Убедив работниц почты, что это никакой не диверсионный предмет, а лишь деталь энергоприбора, мы с приятелями, заразительно хохоча, вышли из почтамта, обсуждая, как обманутая абонентша будет тащить этот тяжелый сверток домой, предвкушая радость от полученного сюрприза. Да, забыл сказать, что кирпич был уже второй посылкой – дорогу для неё проторила плохонькая, еще зеленая дынька, чтобы выглядела достоверней основное отправление…

Вернувшись в Москву, я всё-таки не удержался, чтобы не похвастаться перед прозябающей в московской весенней слякоти свежеприобретенным среднеазиатским загаром. К некоторому моему удивлению, она сразу же откликнулась на зов, и при встрече нисколько не высказала неудовольствия или обиды по поводу присланного ей почтового непотребства.

Наоборот, она горячо поблагодарила за сочную дыньку (видно, дозревшую в долгом пути по просторам нашей многонациональной Родины). А кирпич она восприняла как веселую шутку, сразу догадавшись, что скрывается в плотном свертке и не колеблясь, освободила его от плотной бумаги прямо на почтовом столе.

Я еще пришел на ее выпускные экзамены, просмотрев дипломный проект ее курса – мюзикл «Вестсайдская история», и ее сольное вокальное выступление. Правда и тут она выглядела не в выигрышном свете, как-то нелепо объявив, что вместо арии Далилы из оперы Сен-Санса она исполнит песню Пахмутовой и Добронравова «Нежность»…

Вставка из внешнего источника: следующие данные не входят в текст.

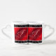 Nothing says "you complete me" or "your better/other half" than lovers' mugs. Celebrate the 42nd wedding anniversary in style with this commemorative pair! Elegant white script and serif lettering with hexagonal confetti on marbled cherry red and black backgrounds add a memorable touch for this special occasion and extraordinary milestone. Customize with the happy couple's names, add an initial or monogram for their surname, and add dates for their jasper anniversary.
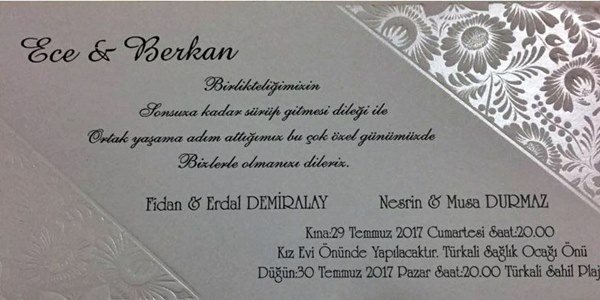 Öte yandan 29 Temmuz Cumartesi günü Karşıköy Mahallesi Sağlık Ocağı önünde kız kınası yapılacak ve ardından ertesi günü Türkali Sahil Plajında düğün merasimi yapılacak. Ece ve Berkan Durmaz çifti yaptırdıkları düğün davetiyesinde; “Birlikteliğimizin sonsuza kadar sürüp gitmesi dileği ile ortak yaşama adım attığımız bu çok özel günümüzde bizlerle olmanızı dileriz” dediler. (Haber Merkezi)
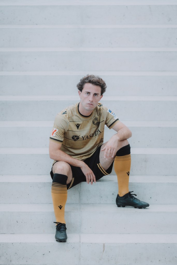 E’ stata presentata oggi la nuova seconda maglia della Real dedicata al ‘futbol playa’ che tanto caratterizza i tornei calcistici che si disputano sulle spiagge non solo di San Sebastian, ma di tutta la Gipuzkoa! Di colore dorato scuro che ricorda la sabbia, e con sottili strisce di colore nero, la nuova seconda divisa, da un tocco di eleganza e raffinatezza. Nella trama della maglia, chiari riferimenti alla struttura metallica dello stadio di Anoeta. Aupa la Real!
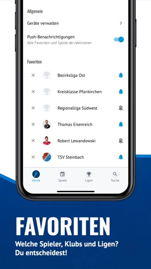 PUSH-CENTER - Pushe die Spielpaarungen, Ligen, Teams, Spieler oder ganze Vereine! In den Einstellungen kannst du die Pushes direkt alle editieren.
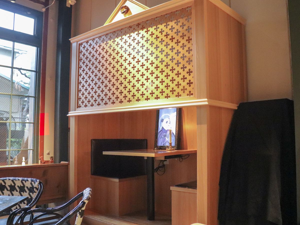 広い店内には、趣向を凝らしたさまざまな客席が。こちらは通称「懺悔室」と呼ばれるボックス席です。教会の懺悔室をイメージした席で、テーブルに置かれたモニターには十字架を持ったかわいらしいパンダの神父の映像が流れています。
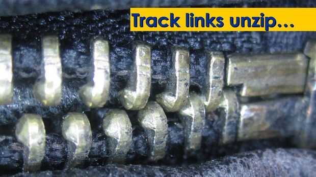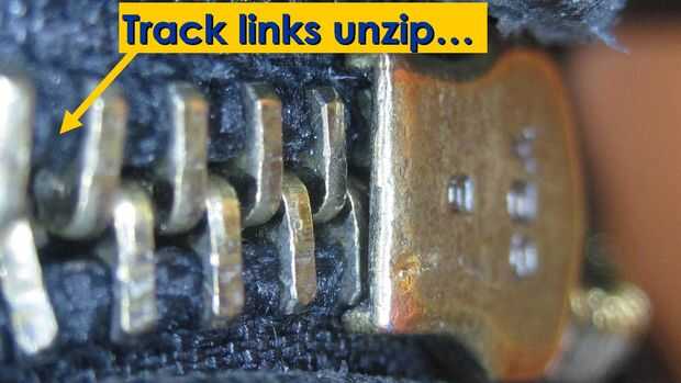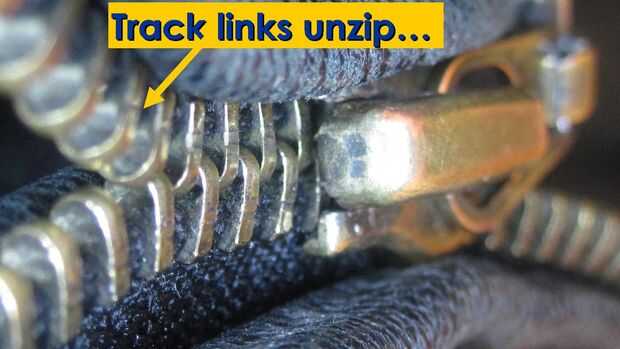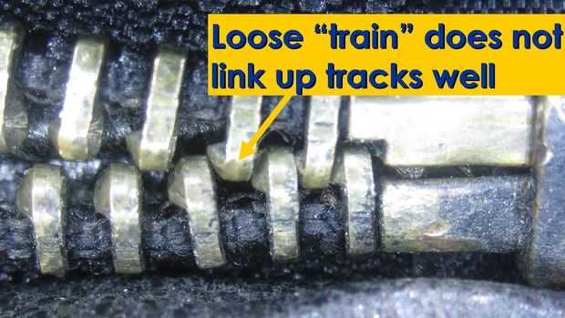 Como se puede ver en estas fotos, aquí es lo que sucede cuando la cremallera tren correctamente no orientar y vincular entre las pistas. Los dedos que componen los enlaces de cada pista tienen un hoyuelo pequeño en un lado y una protuberancia en el otro. Normalmente los golpes de un dedo en el hoyuelo del dedo siguiente, alternando de un lado de la cremallera pista al otro. Como vincularse, topetón para puntos alternados los dedos, cierra la cremallera y esto hace que sea difícil separar horizontalmente (los dedos deslizarse muy de cerca y embalar firmemente).
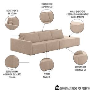 Eleve seu espaço de convivência a novos patamares de luxo com o Sofá Ilha Modular com Puff para Sala Living 312cm Georgia K04 Veludo Bege, da Mpozenato!
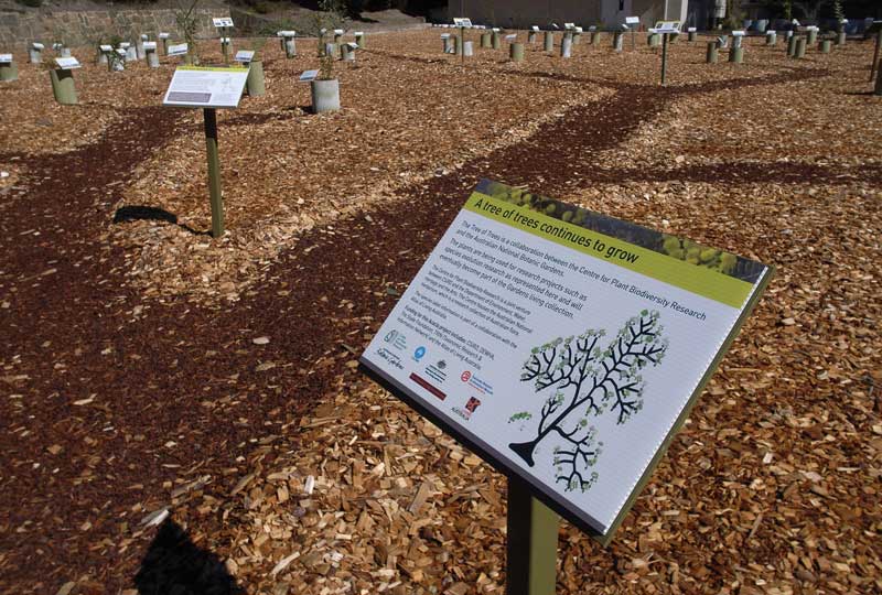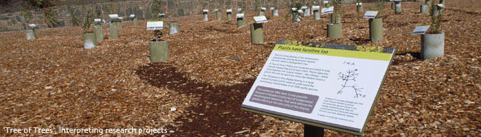 At the display you can start at the base of the tree and walk up the tanbark trunk and then venture out on a limb. Each plant is labelled with a species profile. There are also 12 interpretation signs in the display that help describe the work and note interesting lineages of Acacia. Also at the display are 4 species which are unlabeled and you can test your identification skills by finding them in the display.
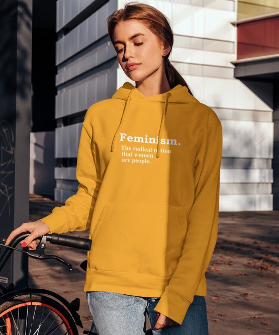 Deze feminisme hoodie met de definitie "Feminism. The radical notion that women are people." is iedereen die zichzelf een feminist noemt. Ideaal om cadeau te geven aan je feministische vriendin of om gewoon voor jezelf te bestellen. Deze unieke hoodies zijn leverbaar in vier kleuren: zwart, wit, geel en rood.
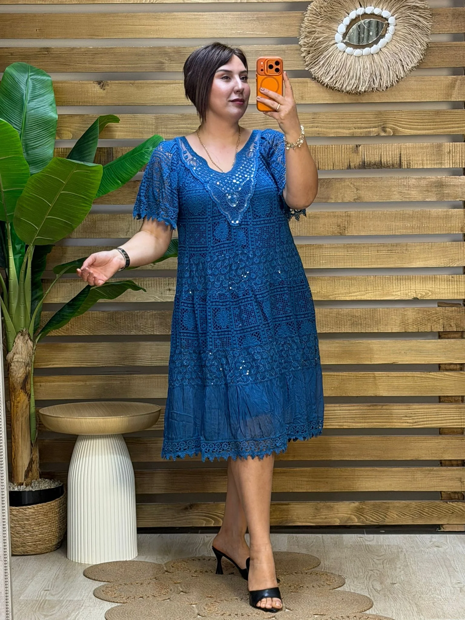 • İthal İtalyan tasarımı, yakası pul detaylı yüksek kalite ipek elbise. 48 bedene kadar uyumlu standart kalıbı ve dökümlü yapısıyla lüks bir şıklık sunar.
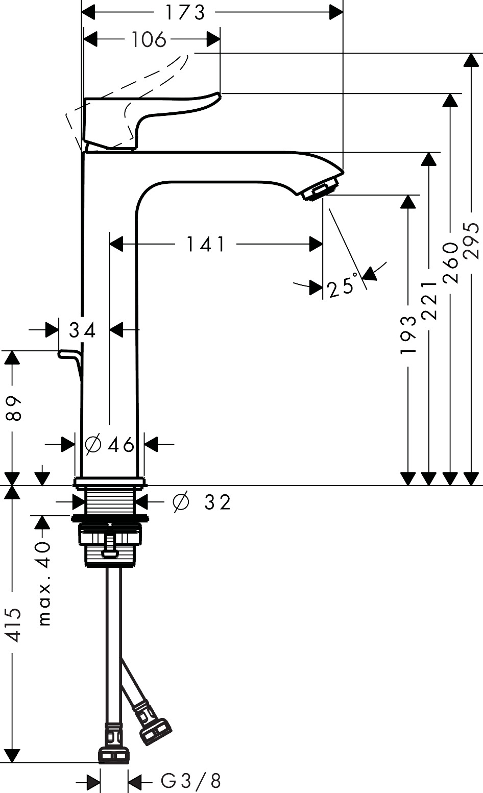 Eéngreeps Highriser wastafelmengkraan 200. Aansluitslangen.
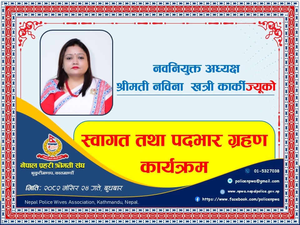 काठमाडौं । नेपाल प्रहरी श्रीमती संघ, भृकुटीमण्डप काठमाडौंमा नव-नियुक्त अध्यक्ष श्रीमती नविना खत्री कार्कीको सम्मानमा आयोजित स्वागत तथा पदभार ग्रहण कार्यक्रम भव्य रूपमा सम्पन्न भएको छ।
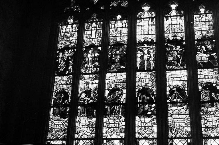 Maîtresse-vitre : Verrière à personnages : Vie de saint Jacques, Vie du Christ (baie 0),
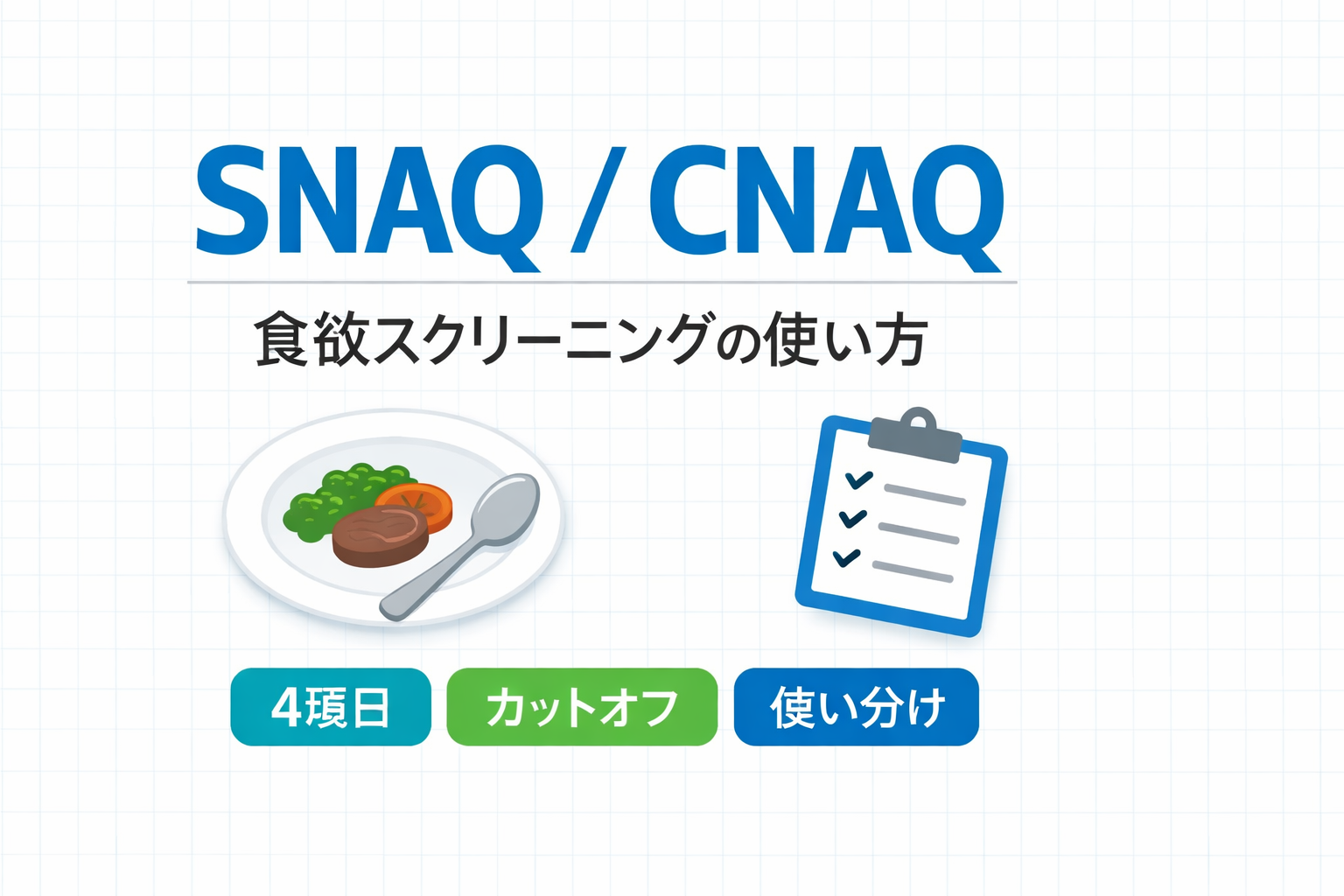 - 代表的カットオフ:SNAQ ≤ 14、CNAQ ≤ 28 の報告が多い(対象・目的で変動)。
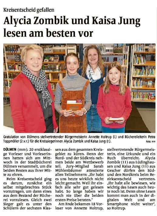 Die beste Vorleserin des Kreises Coesfeld ist mit Alycia Zombik eine Schülerin der Sekundarschule Lüdinghausen. Am "Bundesweiten Vorlesewettbewerb des deutschen Buchhandels" unter Schirmherrschaft ...
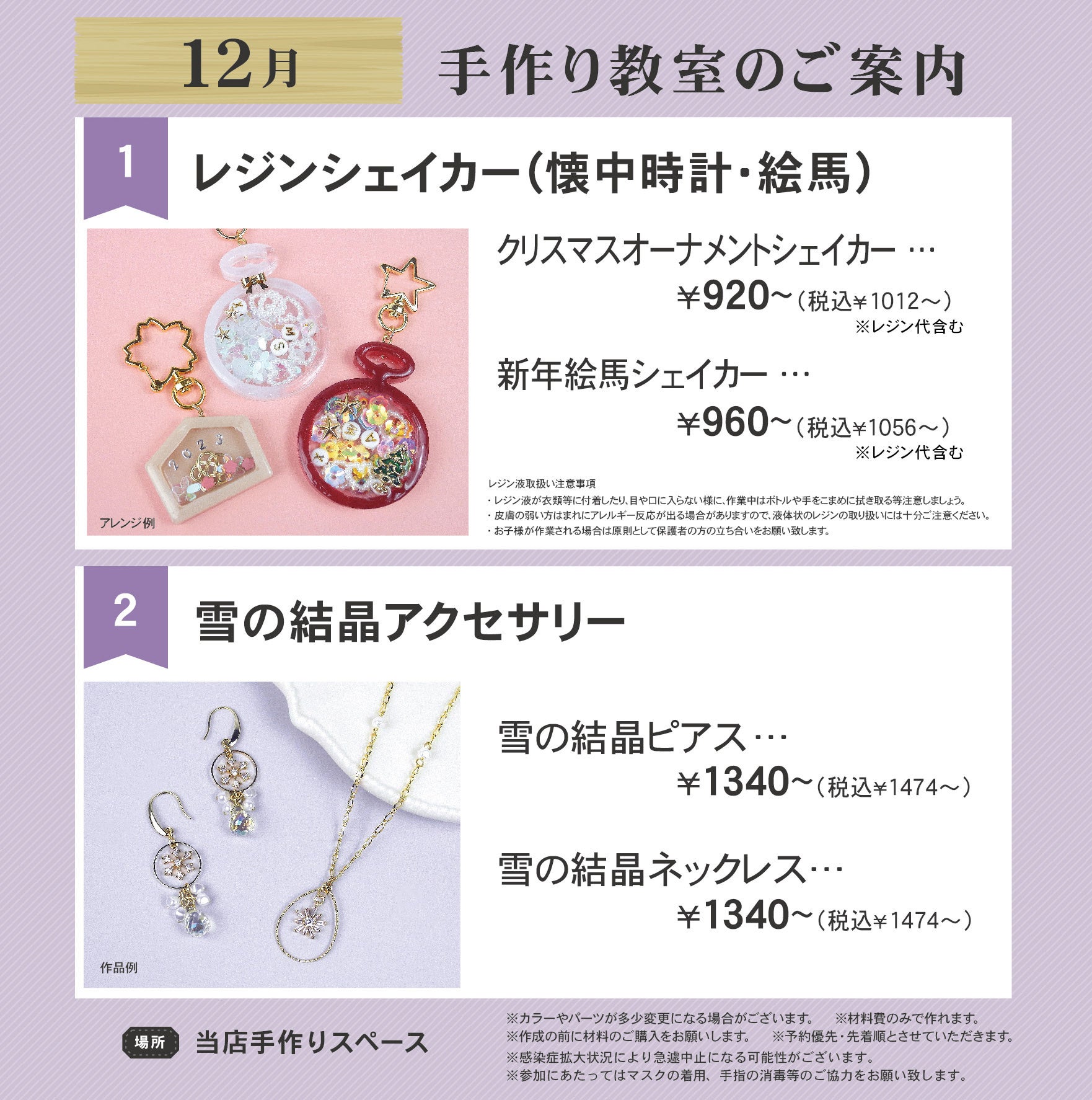 ビーズ&アクセサリーパーツショップPARTS CLUB。材料費だけで参加できる「手作り教室」12月の内容は人気のレジンシェイカーと雪の結晶パーツを使ったアクセサリー作り。

Из этих ее дипломных терзаний в моей памяти сохранились приятные образы ее сокурсниц. Как сейчас помню: очаровательная Лена Колодко, с ясными живыми глазами, и потрясающей красоты Таня Веденеева, в недалеком будущем прогремевшая на всю страну в фильме-оперетте «Здравствуйте, я ваша тетя!».

В сравнении с ними, моя Камилла Ниткулинец явно проигрывала и я, всегда отдававший предпочтение внешней женской красоте, спокойно воспринял письмо своей закарпатской подруги, которое по сути было объявлением о «разводе». Я поспешно, но довольно неудачно переключился на упомянутых выпускниц-красавиц и своих метаниях пропустил отъезд на родину своей «гуцулочки».